IPDz (1 μM), Dz_a (1 μM), Dz_b (30 nM) were mixed with either synthetic analyte or total bacterial RNA in the buffer containing 50 mM HEPES, pH 7.4, 50 mM MgCl₂, 20 mM KCl, 120 mM NaCl, 0.03% Triton X-100, 1% DMSO (reaction buffer) and incubated at 50 °C for 1 h. A typical reaction volume was 60 μL. In case of total bacterial RNA, the samples were heated at 95 °C for 5 min prior to incubation to ensure proper hybridization of the deoxyribozyme strands to 16S rRNA. After incubation, the mixtures were cooled down to room temperature for 15 min to allow PDz to form a G-quadruplex structure. Then, hemin and DAB were added to the mixtures to the final concentration of 200 nM and 1 mM, respectively. Finally, H₂O₂ was added to the final concentration of 1 mM, and the mixture were incubated at room temperature for 30 min, then the absorbance of the final samples at 500 nm was measured using a Lambda 35 UV/Vis Spectrometer (Perkin Elmer, Inc., MA). The data was processed using Microsoft Excel 2010.
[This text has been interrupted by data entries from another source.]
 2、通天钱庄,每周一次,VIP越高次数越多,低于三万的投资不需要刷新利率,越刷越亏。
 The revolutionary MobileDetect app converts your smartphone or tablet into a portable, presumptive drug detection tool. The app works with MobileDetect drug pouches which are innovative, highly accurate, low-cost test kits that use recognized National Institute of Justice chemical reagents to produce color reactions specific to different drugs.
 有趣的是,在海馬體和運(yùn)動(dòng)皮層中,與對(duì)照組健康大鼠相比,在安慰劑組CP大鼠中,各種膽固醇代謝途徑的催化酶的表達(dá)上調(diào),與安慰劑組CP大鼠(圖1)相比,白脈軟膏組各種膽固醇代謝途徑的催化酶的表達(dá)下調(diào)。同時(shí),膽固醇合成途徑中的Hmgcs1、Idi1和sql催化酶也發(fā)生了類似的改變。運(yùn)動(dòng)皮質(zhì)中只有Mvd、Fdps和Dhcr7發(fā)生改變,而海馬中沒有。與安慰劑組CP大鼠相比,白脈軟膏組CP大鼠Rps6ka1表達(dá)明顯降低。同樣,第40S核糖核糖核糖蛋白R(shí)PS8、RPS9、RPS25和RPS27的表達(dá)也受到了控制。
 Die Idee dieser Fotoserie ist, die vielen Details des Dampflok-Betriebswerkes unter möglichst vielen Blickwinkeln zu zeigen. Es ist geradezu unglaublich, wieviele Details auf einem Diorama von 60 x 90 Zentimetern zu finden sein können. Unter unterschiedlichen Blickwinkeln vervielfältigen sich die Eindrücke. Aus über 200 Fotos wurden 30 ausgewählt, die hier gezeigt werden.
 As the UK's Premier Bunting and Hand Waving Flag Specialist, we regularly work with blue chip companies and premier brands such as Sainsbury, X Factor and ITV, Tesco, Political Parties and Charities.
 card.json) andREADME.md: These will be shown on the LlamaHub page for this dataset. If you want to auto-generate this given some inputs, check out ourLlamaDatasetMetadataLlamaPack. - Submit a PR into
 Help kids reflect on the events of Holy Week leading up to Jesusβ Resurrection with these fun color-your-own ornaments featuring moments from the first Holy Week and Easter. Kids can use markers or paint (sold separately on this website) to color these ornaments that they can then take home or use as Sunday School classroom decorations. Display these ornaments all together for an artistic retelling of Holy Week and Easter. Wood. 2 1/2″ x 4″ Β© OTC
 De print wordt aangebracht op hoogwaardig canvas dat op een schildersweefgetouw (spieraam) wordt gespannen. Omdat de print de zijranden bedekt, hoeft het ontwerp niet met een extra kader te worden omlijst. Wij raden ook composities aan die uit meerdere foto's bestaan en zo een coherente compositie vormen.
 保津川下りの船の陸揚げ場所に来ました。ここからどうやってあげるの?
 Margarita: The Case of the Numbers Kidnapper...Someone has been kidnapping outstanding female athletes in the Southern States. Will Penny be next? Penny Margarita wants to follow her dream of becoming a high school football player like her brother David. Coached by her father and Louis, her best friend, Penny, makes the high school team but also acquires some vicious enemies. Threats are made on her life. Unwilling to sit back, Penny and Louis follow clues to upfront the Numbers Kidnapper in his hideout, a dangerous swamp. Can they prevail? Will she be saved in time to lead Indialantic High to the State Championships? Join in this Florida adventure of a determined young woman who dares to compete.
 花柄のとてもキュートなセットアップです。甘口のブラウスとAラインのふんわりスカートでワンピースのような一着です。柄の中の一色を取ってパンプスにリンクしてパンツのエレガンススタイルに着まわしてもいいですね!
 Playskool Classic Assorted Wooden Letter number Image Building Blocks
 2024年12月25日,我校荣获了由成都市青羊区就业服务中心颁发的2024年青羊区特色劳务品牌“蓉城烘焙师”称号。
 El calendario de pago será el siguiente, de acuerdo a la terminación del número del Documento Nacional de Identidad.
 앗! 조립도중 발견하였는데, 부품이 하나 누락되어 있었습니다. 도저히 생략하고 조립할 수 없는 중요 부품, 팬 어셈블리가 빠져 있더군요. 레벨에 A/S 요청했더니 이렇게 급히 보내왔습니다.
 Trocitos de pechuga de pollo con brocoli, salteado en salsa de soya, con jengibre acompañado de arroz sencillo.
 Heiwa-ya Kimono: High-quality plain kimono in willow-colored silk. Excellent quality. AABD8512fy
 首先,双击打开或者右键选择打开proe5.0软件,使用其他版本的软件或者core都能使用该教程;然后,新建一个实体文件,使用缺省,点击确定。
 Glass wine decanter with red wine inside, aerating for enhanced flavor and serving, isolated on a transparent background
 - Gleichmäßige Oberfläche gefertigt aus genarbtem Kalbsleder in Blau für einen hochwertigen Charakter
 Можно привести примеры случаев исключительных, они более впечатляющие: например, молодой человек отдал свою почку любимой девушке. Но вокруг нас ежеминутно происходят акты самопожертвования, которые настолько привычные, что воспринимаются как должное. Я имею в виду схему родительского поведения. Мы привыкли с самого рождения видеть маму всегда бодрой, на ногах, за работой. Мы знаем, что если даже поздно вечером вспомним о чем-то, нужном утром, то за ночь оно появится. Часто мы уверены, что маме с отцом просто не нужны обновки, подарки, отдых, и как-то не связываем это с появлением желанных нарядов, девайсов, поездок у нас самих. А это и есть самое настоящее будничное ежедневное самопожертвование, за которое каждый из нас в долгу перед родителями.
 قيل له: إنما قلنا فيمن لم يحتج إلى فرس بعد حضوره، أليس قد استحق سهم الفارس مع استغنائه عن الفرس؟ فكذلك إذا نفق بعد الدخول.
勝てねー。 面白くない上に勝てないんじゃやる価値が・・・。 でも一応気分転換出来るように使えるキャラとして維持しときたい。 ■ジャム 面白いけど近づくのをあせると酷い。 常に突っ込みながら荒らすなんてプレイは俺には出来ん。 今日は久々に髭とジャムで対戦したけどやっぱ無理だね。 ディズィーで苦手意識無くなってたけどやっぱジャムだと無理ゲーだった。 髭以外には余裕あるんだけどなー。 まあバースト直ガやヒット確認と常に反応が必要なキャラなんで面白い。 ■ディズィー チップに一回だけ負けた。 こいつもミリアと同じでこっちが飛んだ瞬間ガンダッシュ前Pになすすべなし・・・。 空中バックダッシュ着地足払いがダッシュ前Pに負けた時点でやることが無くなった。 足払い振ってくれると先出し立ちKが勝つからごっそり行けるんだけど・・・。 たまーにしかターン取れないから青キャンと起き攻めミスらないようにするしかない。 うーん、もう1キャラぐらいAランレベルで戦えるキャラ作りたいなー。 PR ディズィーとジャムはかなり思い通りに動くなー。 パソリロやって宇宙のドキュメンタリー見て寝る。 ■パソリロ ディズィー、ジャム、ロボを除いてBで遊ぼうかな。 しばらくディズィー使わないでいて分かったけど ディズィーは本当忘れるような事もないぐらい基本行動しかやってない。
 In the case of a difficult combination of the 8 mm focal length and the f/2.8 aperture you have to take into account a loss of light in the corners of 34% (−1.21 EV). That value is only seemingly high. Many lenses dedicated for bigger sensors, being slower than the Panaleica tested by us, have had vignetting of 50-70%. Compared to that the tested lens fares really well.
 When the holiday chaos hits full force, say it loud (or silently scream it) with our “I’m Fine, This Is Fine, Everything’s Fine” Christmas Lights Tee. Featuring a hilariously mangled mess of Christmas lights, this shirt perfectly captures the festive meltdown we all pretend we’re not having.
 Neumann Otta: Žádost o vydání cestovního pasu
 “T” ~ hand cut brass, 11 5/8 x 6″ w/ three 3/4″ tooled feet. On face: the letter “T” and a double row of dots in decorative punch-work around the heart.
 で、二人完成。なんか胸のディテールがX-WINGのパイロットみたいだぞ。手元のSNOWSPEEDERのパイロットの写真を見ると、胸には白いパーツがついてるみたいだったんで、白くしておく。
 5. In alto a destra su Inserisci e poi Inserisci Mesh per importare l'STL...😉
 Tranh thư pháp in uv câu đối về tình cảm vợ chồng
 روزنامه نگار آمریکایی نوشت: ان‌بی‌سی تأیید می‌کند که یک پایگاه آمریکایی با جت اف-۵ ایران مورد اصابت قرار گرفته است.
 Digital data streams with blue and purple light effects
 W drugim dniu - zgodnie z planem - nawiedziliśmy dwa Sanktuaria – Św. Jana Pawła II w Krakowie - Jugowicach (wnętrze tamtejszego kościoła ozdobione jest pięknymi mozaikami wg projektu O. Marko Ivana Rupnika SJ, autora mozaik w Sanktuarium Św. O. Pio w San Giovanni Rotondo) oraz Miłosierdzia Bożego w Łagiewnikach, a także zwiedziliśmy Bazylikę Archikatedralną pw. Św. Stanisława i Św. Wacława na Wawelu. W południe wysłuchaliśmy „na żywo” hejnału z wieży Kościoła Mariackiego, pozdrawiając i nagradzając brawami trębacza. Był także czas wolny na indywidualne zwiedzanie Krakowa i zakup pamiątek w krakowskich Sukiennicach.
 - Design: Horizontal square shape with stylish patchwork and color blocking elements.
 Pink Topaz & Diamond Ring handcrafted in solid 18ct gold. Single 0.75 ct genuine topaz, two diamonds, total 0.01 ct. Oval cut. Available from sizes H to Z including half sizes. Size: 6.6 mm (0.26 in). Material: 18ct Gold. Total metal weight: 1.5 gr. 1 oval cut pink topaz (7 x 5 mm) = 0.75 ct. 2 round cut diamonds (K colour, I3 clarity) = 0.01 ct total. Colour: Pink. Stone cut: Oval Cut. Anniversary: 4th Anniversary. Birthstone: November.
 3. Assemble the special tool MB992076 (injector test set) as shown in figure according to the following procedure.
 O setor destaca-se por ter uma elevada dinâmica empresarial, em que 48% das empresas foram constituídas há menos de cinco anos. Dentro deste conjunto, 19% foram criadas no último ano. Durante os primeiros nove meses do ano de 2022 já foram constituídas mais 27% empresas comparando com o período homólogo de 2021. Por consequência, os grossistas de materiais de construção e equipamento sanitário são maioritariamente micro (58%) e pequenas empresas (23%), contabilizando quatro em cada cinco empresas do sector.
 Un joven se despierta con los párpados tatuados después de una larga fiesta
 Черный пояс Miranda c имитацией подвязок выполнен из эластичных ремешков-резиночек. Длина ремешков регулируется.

TLC plate-based visualization

To visualize an analyte-dependent color change, 3 μL of the final samples were spotted on a silica gel TLC plate (EMD Chemicals Inc., Germany) and let dry on air. The plate was then scanned using a CanoScan LiDE210 scanner (Canon, NY), and the image was analyzed using a Gel-Pro Analyzer software. To calculate the relative intensity (RI) of the spots, the intensity of a sample was divided by the intensity of 100 nM Dz, which was used as a positive control for hemin-mediated DAB oxidation. The brightness and contrast of the image was adjusted using Corel PHOTO-Paint X6 software (Corel, Canada) to ensure proper visualization in a printed form.